# Emil Berliner Remasterings of classic DGG recordings on SACD



## inthemusiczone (Feb 15, 2019)

Wondering if anyone else has come across these. They are single-layer (ie. no CD layer) SACDs of classic DGG recordings from the 60s and 70s. They have been appearing steadily since 2018. I have two sets: Kubelik's Beethoven symphony cycle, and Karajan's Tchaikovsky cycle from the mid 70s.

These are revelatory. DGG has always taken a certain amount of grief from audiophiles in comparison to labels like Decca, EMI, Mercury and Living Stereo, and rightly so. Without doubt earlier "Large Tulip" pressings can sound great, and even later pressings can surprise you (eg. Karajan Prokofiev 5th, Giulini's Pictures at an Exhibition and Mahler 9th with CSO, Abbado's Lieutenant Kije/Scythian Suite). Even DGG's regular CD remastering have vastly improved. 

However I was not ready for the massive leap forward in sound quality these SACD remasterings represent. Nothing short of a revelation. The Kubelik Beethoven cycle, for example, is hard to find on LP, and the copy I have is sonically somewhat anemic (though that might be down to being a Japanese pressing). The cycle has been incompletely reissued on CD, then it finally made an appearance in complete form in a couple of box sets a few years ago (I have not heard these). I know Pentatone has issued a dual CD/SACD (surround) layer of a couple of these symphonies, but again I believe this is different from the Emil Berliner remastering.

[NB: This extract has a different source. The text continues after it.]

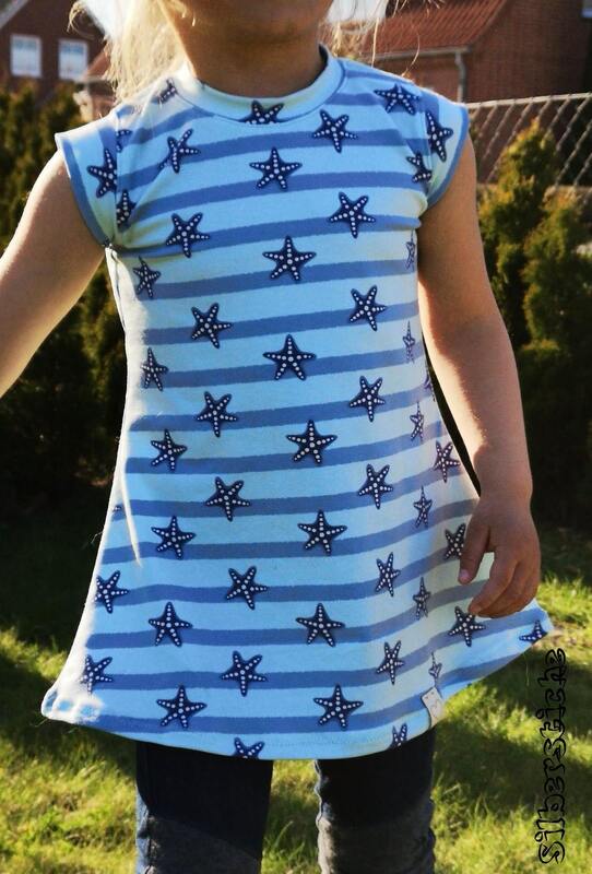 Gr. 86 – 152 deckt das Schnittmuster ab – und dies an den Ärmeln in Einzelgrößen, am Vorder- und Rückenteil in Doppelgrößen. Als Hingucker befindet sich auf dem Schnittmuster vorn eine schräge Unterteilung, die du nähen kannst – aber nicht musst. Wenn du den Schnitt unterteilst, kannst du dir die Seite für den Streifen aussuchen – oder du unterteilst gleich links und rechts.

Now this cycle leaps from the speakers and instantly goes to the top of my recommended Beethoven cycles.

The Karajan Tchaikovsky cycle is similarly astonishing. These recordings of the first three symphonies were always thought well of, and as was often the case with repertoire only recorded once by Karajan, the readings are incredibly fresh and spontaneous. I have always liked these 70s recordings of the last three symphonies too, especially the 5th, but the recordings, made in the Philharmonie, always lacked a degree of lustre. Well, that's all changed now. 

The sound on these SACDs is another world. Gone is that glassiness in the strings, and the "removed" quality of the wind and brass that often afflicts DG recordings. Instead, orchestral timbres sound natural, dynamics are phenomenal, there is real, walloping bass,and the sense of the orchestra being laid out before you is palpable.

It really makes me wonder what sonic wonders are hidden on all those DGG recordings we grew up with and loved despite the shortcomings in the sound. For example, is it possible that the master tapes for all those phenomenal Argerich, Pollini, Michelangeli, Kempff, Gilels etc. solo piano recordings boast a fuller piano sound than the thin one we all just had to get used to.

I am eyeing several other Emil Berliner SACD releases: Bohm's Beethoven cycle, Karajan's Bruckner. Unfortunately these sets do not come cheap but they are worth every penny (in US you can find them at Acoustic Sounds, Elusive Disc, sometimes on Amazon, and eBay, though the latter is usually the most expensive.

Maybe these remasterings will eventually make their way to CD, or, even better, to vinyl.

Thoughts and opinions?


----------